Hossen Sohel of DOT
A bipartisan group of US senators on Wednesday called on Secretary of State Mike Pompeo to designate the Myanmar military’s campaign against the Rohingya Muslim minority a genocide, reports Reuters.
More than 700,000 Rohingya have fled Myanmar’s Rakhine state for neighboring Bangladesh since August last year, when attacks on security posts by Rohingya insurgents triggered a military crackdown that the United Nations, the United States, Britain and others described as ethnic cleansing.
Myanmar denies the accusations of ethnic cleansing.

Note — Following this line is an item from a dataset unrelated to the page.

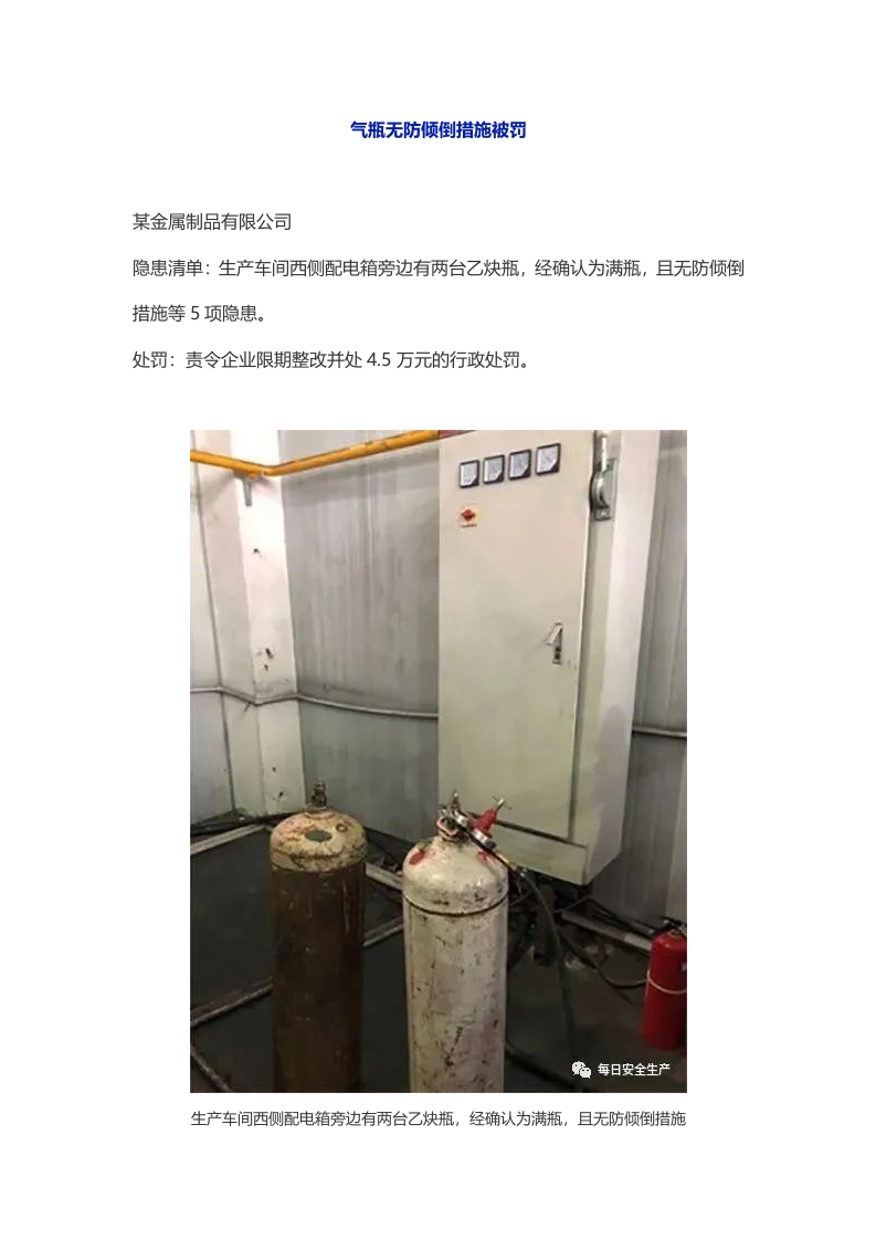 通报:气瓶无防倾倒措施被罚4.5万!

“We are deeply concerned that despite clear evidence of genocide amassed by the Department’s own report … that the Department has not made a formal determination that the crime of genocide has been committed,” said a letter to Pompeo from the senators, a copy of which was seen by Reuters.
In September, leaders of the US House of Representatives Foreign Affairs Committee called on the Trump administration to declare the military campaign a genocide, days after a State Department report stopped short of that description.

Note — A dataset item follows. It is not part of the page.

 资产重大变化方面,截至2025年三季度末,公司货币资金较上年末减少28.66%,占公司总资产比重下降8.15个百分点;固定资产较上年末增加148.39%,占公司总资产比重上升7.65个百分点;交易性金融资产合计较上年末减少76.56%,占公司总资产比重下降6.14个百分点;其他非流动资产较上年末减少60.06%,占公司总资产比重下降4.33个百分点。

A declaration of genocide by the US government could have legal implications of committing Washington to stronger punitive measures against Myanmar’s government, which is led by Nobel laureate Aung San Suu Kyi. This has made some in the Trump administration wary of issuing such an assessment.
The areas where the Rohingya lived in Myanmar’s western Rakhine State before the army ousted them were being dramatically transformed, making their return increasingly unlikely, Reuters reported on Tuesday.
The senators asked Pompeo to provide a formal determination about the actions of Myanmar’s military.